Analyses were conducted in SAS (version 9.4; SAS Institute, Cary, NC, USA). Kernel density estimation (PROC KDE in SAS) was used to estimate nonparametric density functions. Phenotypic differences for continuous traits among ancestry groups were assessed using linear regression models with control for age and sex (and 30 min glucose, for analyses of 30 min insulin). A logistic regression model was used for analyses of diabetes. Heritability was assessed in the 761 American Indian participants (without exclusion of close relatives) using a linear mixed model. The total phenotypic variance was modelled as:

$$ {\upsigma}_P^2={\Phi \upsigma}_G^2+\mathrm{I} {\upsigma}_E^2 $$

where \( {\upsigma}_G^2 \) is the variance potentially attributable to genetic factors, \( {\upsigma}_E^2 \) is the variance attributable to individual-level environmental factors, Φ is a matrix of the proportion of alleles shared identical by descent between pairs of individuals (estimated by PREST [26]) and І is an identity matrix.

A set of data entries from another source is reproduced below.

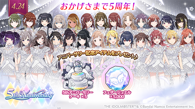 5th Anniversary当日の記念として、本日ゲーム内にログインしていただくと『5thアニバーサリーケーキ×5』と『フェザージュエル 5,000個』をプレゼント中です〜。
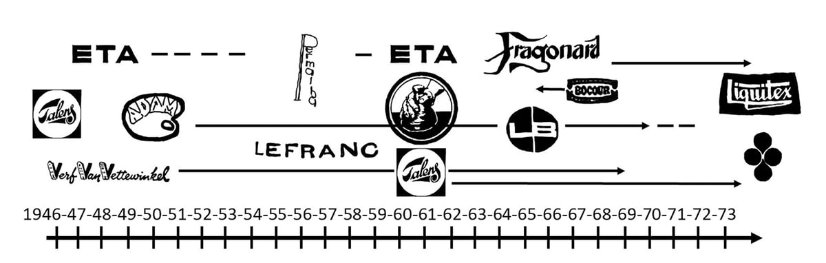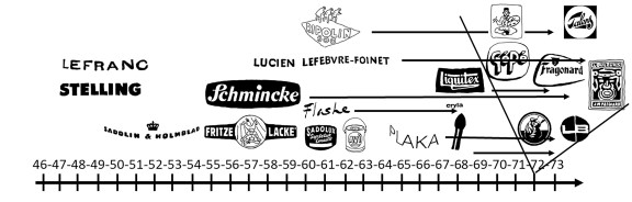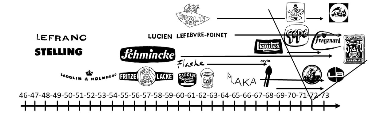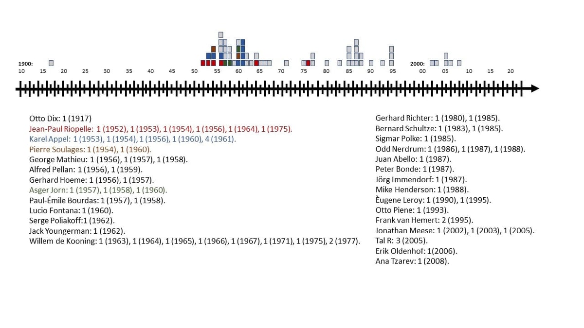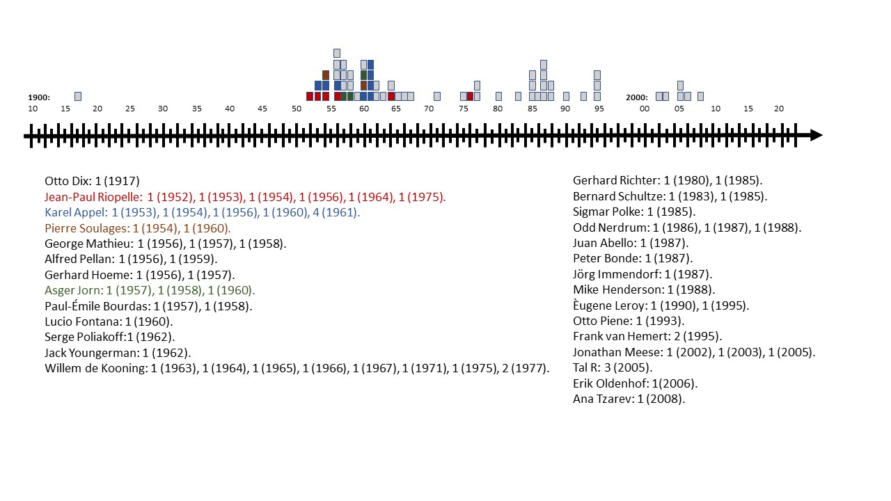 Kjente malingsmerker brukt av Asger Jorn (over) og Karel Appel (nederst) på en tidslinje.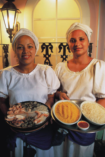 הכל מתחיל באורז לבן ושעועית שחורה. התבשיל הפשוט, פז'ואדה קומפלטה (Feijoada Completa) שמו, הוא המנה הבסיסית ביותר בריו ובברזיל כולה, המאכל הלאומי. לעתים מגישים אותו גם עם נתחי בשר אדום, ותמיד אפשר למצוא אותו על שולחנם של בני כל המעמדות. הם אוכלים אותו לפחות פעם ביום, לעתים קרובות פעמיים. כמו לחם. בברזיל, כמו ברוב המקומות בעצם, אפשר לגלות היסטוריה שלמה דרך שולחן האוכל: את האורז הלבן של הפז'ואדה, למשל, ייבאו לאמריקה הדרומית הספרדים, ואחר כך הוא אומץ בחום על ידי הפורטוגלים. אלה נחתו בחופי ברזיל במאה ה־16, והשפעתם ניכרת מאז במטבח המקומי (שלא כמו ברוב ארצות אמריקה הדרומית, כשישים אחוז מאוכלוסיית ברזיל הם ממוצא אירופי, ורובם מפורטוגל). הפורטוגלים שהגיעו לברזיל הביאו עימם מסורות שונות של בישול, תיבול וקינוחים מהבית, ולא שכחו את היין: עד היום מושרות מנות בשר רבות קודם בישולן ביין אדום. הפורטוגלים לא הגיעו לארץ ריקה. חיו בה אינדיאנים, תושביה המקוריים של ברזיל ושל אמריקה כולה. מסורת האוכל של האינדיאנים שומרת על הטעמים הטבעיים של מיני המזון, ללא תיבול. ההשפעה החשובה השלישית מגיעה מאפריקה ומכונה "המטבח של באהייה" (Cozinha Baiana), על שמה של מדינת באהייה במזרח ברזיל, שבחופיה הורדו מהספינות ראשוני העבדים השחורים (על שלושת הגזעים הללו נוספו מהגרים איטלקים, צרפתים, יפנים ואחרים, שתרמו מסורות קולינריות עשירות אשר הפכו לחלק מהתפריט המקומי). המטבח האפריקאי הביא איתו לברזיל את השימוש בחלב קוקוס, כוסברה טרייה, שרימפס ופירות ים אחרים מיובשים, פלפלים מתוקים וחריפים, שקדים ובוטנים טחונים. לשמן דֶנְדֶה – המופק מדקל אפריקאי – יש חלק חשוב בארוחה. הברזילאים מתייחסים אליו כמו אל תרופת פלא, שאולי רק מרק העוף היהודי עולה עליה בסגולותיו. כך התערבבו להם השחור, הלבן והאדום, ולא רק בצלחת הפז'ואדה קומפלטה. הקמח שעושה את הארוחה בברזיל גדלים כמה זנים של שעועית, אך המועדפת היא השעועית הקטנה והשחורה. בעת הבישול מועכים חלק מהשעועית עם שומן, בצל קצוץ ושום, ואת העיסה המתקבלת מערבבים עם יתר השעועית המתבשלת בסיר. את האורז שלהם מעדיפים הברזילאים כשהוא מתובל מאוד: קודם כל מטגנים אותו במחבת, מתבלים, ורק אז מוסיפים את נוזל הבישול – מים, תרכיז מרק או חלב קוקוס. את קמח המאניוֹק מפזרים על השעועית הלחה והוא זה שמוסיף לדעתם את הטעם הסופי, האולטימטיבי.

Heritability was calculated as \( {h}^2={\upsigma}_G^2 \)/\( {\upsigma}_P^2 \). These analyses were conducted in SOLAR (version 8.1.1) with adjustment for age, sex and the first genetic principal component in American Indians (to account for potential population stratification), and a probit model was used to analyse liability to diabetes [39]. Confidence intervals were calculated with a likelihood-based method [40].

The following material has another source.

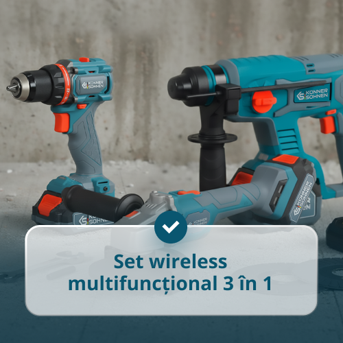 • Set multifuncțional fără fir 3in1 cu geantă practică – trei unelte într-un singur set: ciocan rotopercutor, șlefuitor unghiular, perforator cu 2 baterii și încărcător rapid într-o geantă comodă pentru diverse sarcini de uz casnic.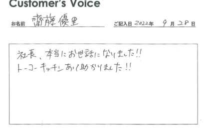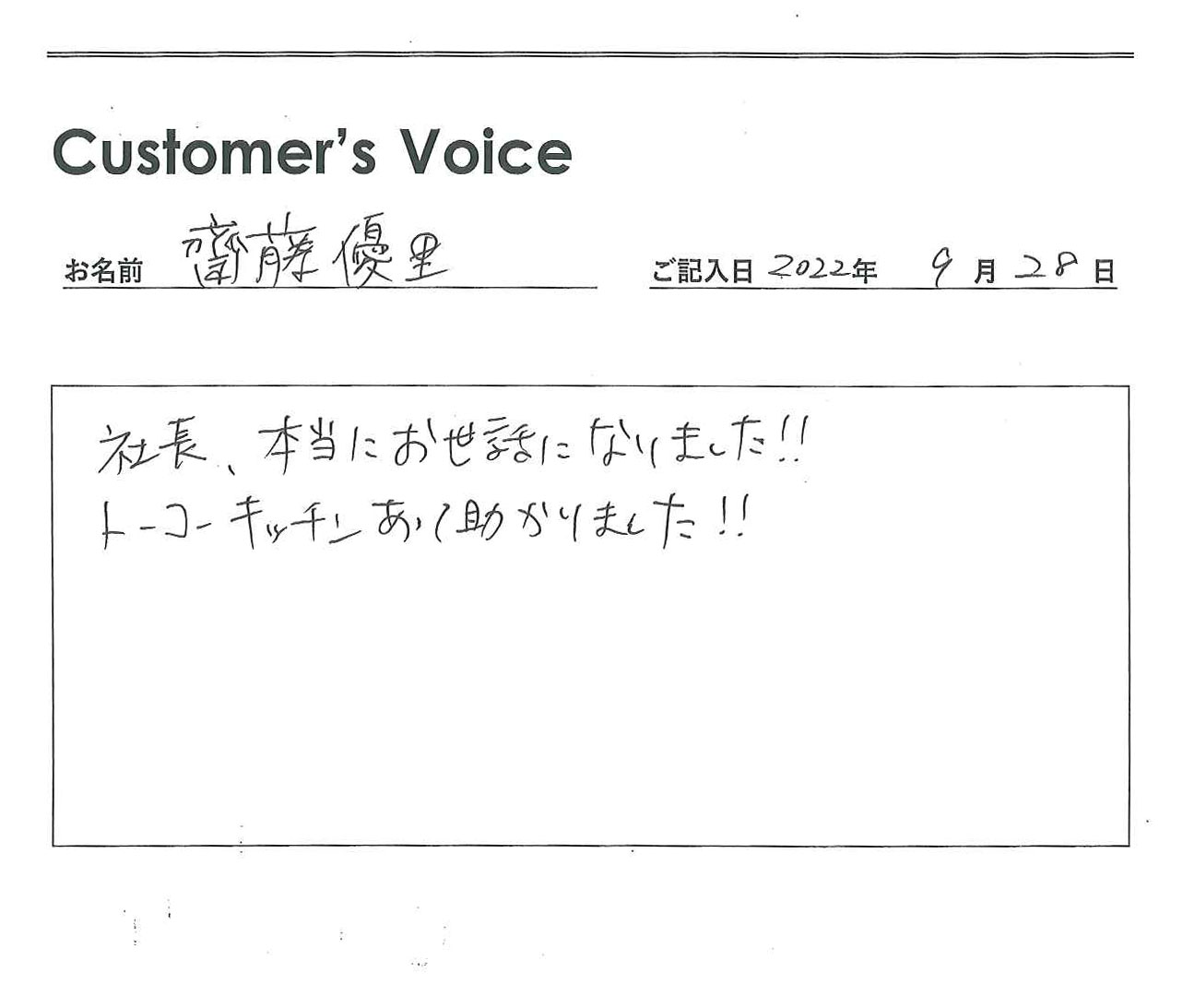 ◉齋藤さん、寂しくなります。こちらに戻ったときはトーコーキッチンや本社に必ず顔を出してくださいね。新たな門出、そして夢実現、心からおめでとうございます。お元気で!(二代目より)

For continuous traits, variance components for calculation of PST were taken from the mean squares among and within ancestry groups, derived from the regression model with ancestry group as a fixed effect [38, 41]. Thus,

$$ {\upsigma}_{Pw}^2= MSW= SSE/\left[{\sum}_{i=1}^r{n}_i-\left(r-1\right)-1\right] $$
$$ {\upsigma}_{Pa}^2=\frac{MSA- MSW}{n_0} $$

where SSE is the sums of squares error from the regression, and ni is the number of individuals in the ith ancestry group; if μi is the trait mean in the ith ancestry group, predicted by the regression model, and \( \overline{\upmu} \)is the total sample mean:

$$ {n}_0=\frac{1}{\left(r-1\right)}\ \left({\sum}_{i=1}^r{n}_i-\frac{\sum_{i=1}^r{n}_i^2}{\sum_{i=1}^r{n}_i}\right) $$
$$ MSA=\frac{1}{\left(r-1\right)}{\sum}_{i=1}^r{n}_i{\left({\upmu}_i-\overline{\upmu}\right)}^2 $$

For liability to diabetes, parameters were inferred from estimates of variance components derived from a probit mixed model in which ancestry group was a random effect (fit with PROC GLIMMIX in SAS). If \( {s}_{grp}^2 \) is the variance attributed to ancestry group and \( {s}_{rsd}^2 \) is the residual variance (from the Pearson χ2 fit of the model), then \( SSE={s}_{rsd}^2{\sum}_{i=1}^r{n}_i \) and \( MSA=\frac{s_{grp}^2}{\left(r-1\right)}{\sum}_{i=1}^r{n}_i \). Similar approaches have been used elsewhere [42].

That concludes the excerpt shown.